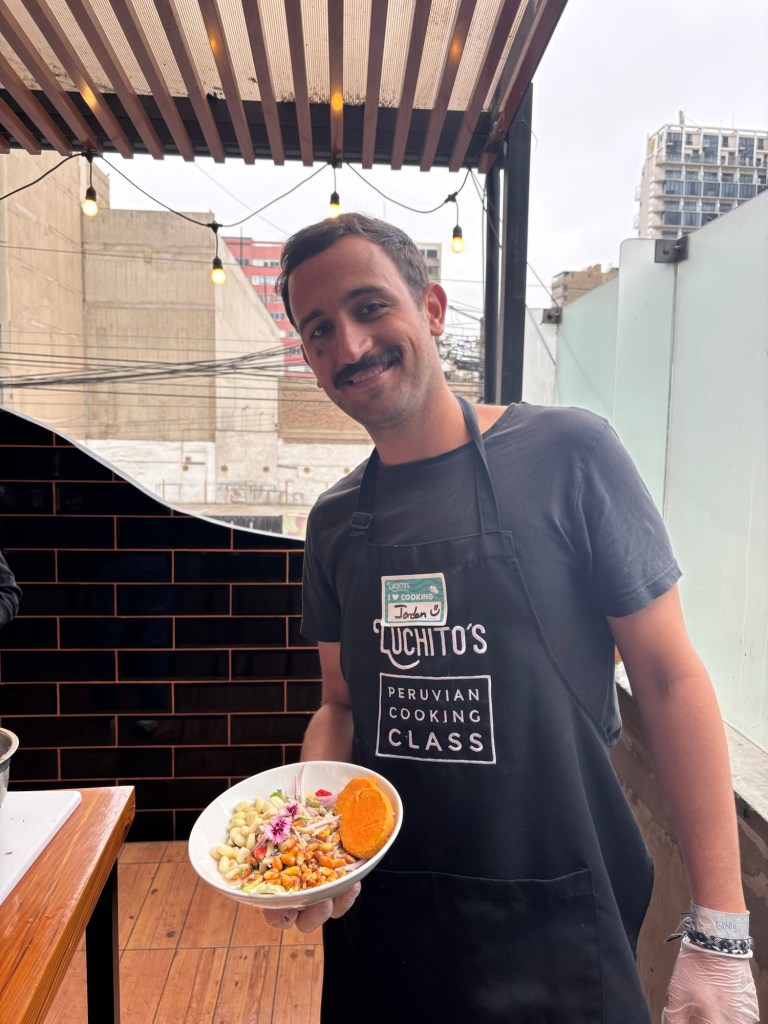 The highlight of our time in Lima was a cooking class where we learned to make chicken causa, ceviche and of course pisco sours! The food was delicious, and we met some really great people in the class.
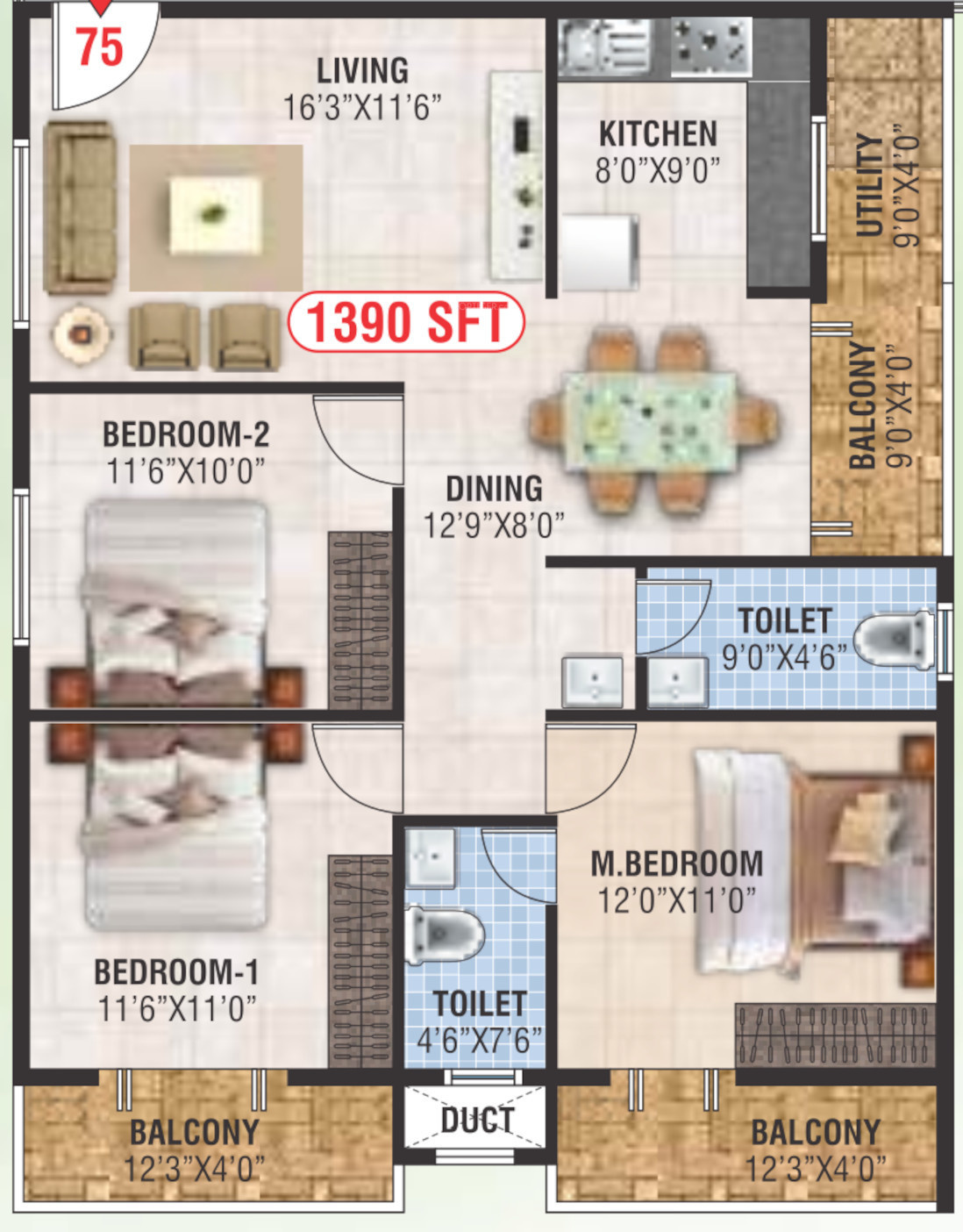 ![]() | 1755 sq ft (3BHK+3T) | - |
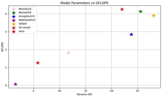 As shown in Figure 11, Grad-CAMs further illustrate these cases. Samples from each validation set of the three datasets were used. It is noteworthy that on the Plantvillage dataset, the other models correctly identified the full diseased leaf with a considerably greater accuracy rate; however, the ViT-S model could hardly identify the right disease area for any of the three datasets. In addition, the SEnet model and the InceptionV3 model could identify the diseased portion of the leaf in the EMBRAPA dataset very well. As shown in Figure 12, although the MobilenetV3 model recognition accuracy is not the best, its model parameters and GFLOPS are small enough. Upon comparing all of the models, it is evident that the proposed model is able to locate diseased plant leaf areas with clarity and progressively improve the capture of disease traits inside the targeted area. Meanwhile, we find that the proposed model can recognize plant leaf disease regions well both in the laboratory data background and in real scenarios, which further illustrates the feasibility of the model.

---

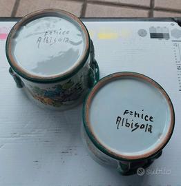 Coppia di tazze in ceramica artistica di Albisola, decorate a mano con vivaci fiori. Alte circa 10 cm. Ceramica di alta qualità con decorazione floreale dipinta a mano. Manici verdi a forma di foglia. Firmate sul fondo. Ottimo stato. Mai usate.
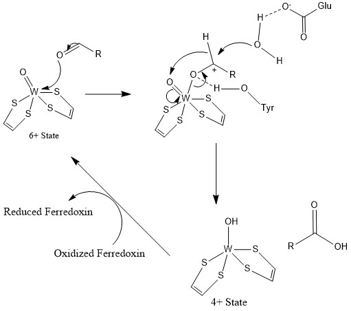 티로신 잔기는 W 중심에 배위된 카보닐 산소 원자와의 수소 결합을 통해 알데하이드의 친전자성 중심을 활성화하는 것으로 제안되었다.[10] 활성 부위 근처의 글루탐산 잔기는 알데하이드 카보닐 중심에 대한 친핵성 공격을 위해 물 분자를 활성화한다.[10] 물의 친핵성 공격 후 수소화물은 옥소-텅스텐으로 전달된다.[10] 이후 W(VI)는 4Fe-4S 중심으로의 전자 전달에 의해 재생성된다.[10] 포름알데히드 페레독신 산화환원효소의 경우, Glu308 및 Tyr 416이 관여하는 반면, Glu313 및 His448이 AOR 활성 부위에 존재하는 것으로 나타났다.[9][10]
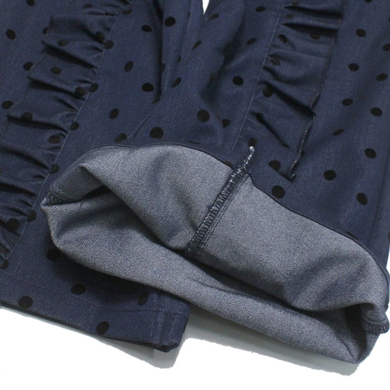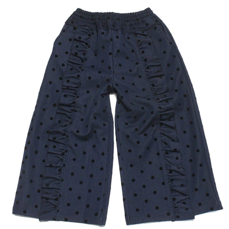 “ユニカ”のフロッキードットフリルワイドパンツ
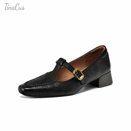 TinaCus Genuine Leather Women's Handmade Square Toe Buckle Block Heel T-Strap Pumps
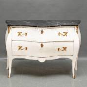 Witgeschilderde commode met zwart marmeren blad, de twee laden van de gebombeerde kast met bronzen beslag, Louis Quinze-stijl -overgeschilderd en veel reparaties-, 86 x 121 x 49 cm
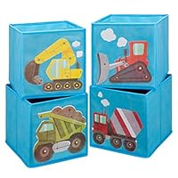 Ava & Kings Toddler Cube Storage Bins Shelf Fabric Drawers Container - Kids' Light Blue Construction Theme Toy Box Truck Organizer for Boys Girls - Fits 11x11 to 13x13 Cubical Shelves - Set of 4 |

> _Exercise details_: Given the listing above, retype only the span of lines from the line with "Witgeschilderde commode met" up to and including the line with "Ava & Kings", exactly as it stands and without pictures.

> _Result of the task_:
 Witgeschilderde commode met zwart marmeren blad, de twee laden van de gebombeerde kast met bronzen beslag, Louis Quinze-stijl -overgeschilderd en veel reparaties-, 86 x 121 x 49 cm
 Ava & Kings Toddler Cube Storage Bins Shelf Fabric Drawers Container - Kids' Light Blue Construction Theme Toy Box Truck Organizer for Boys Girls - Fits 11x11 to 13x13 Cubical Shelves - Set of 4 |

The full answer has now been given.